Member of the Oklahoma House of Representatives from the 1st district
- In office January 2011 – July 4, 2011
- Preceded by: Dennis Bailey
- Succeeded by: Curtis McDaniel

Personal details
- Born: September 25, 1953 Redland, Oklahoma, U.S.
- Died: July 4, 2011 (aged 57) Paris, Texas, U.S.
- Party: Republican
- Children: Stephanie Farley, Alan Farley, Bethany Farley
- Occupation: Management
- Profession: Manager, wholesale plumbing supply house

= Rusty Farley =

American politician

Russell Elmer Farley (September 25, 1953 – July 4, 2011) was a Republican politician from Oklahoma. Farley was the Representative for District 1 in the Oklahoma House of Representatives. House District 1 encompasses all but the far northwestern corner of McCurtain County (the only county in the district), located in the southeastern corner of the state.

==Political History==
An 18-year member of the Haworth school board, Farley was unsuccessful in his 2008 bid for the seat, losing to Dennis Bailey.

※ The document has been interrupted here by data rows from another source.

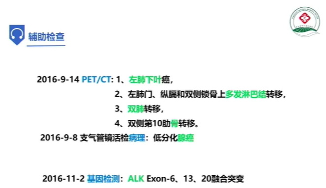 也因此我们修改诊断为,右肺下叶小细胞癌 局限期 cT2aN3M0 IIIB期以及肺下叶腺癌 cT4N2M0 IIIB期 ALK基因融合。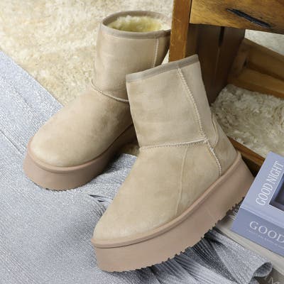 4cmソール ボア 裏起毛 厚底ファーブーツ ☆6363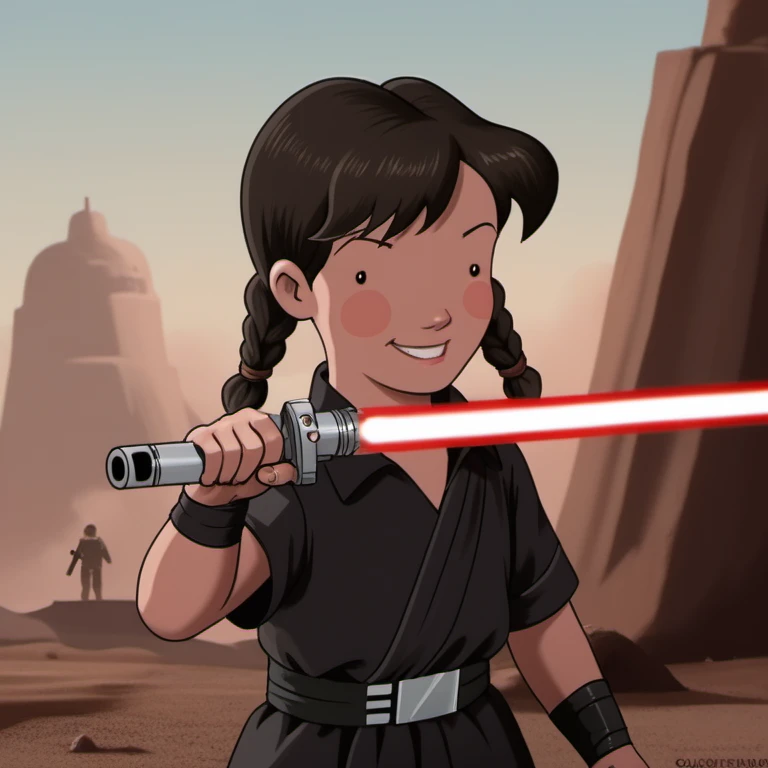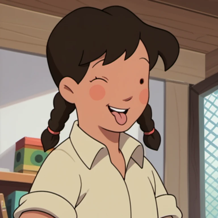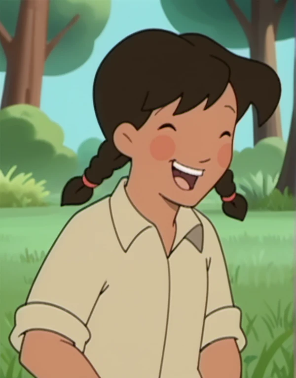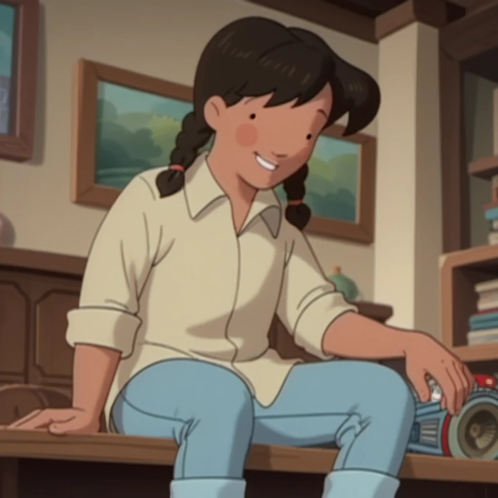 solo, 1girl, brown hair, twin braids, pants, shirt, smile, shoes, sleeves rolled up, blush stickers, black dot eyes, pants rolled up

Farley ran unopposed in the 2010 primary and once again faced Bailey for the District 1 seat. Farley upset the incumbent in a District where 81 percent of the residents are registered Democrats. Even more shocking was his political financing - Farley raised a grand total of only $170 and spent only $70 on a single newspaper ad.

==Death==
Farley died on July 4, 2011, from a pulmonary embolism at a Paris, Texas, hospital. He was 57 years old.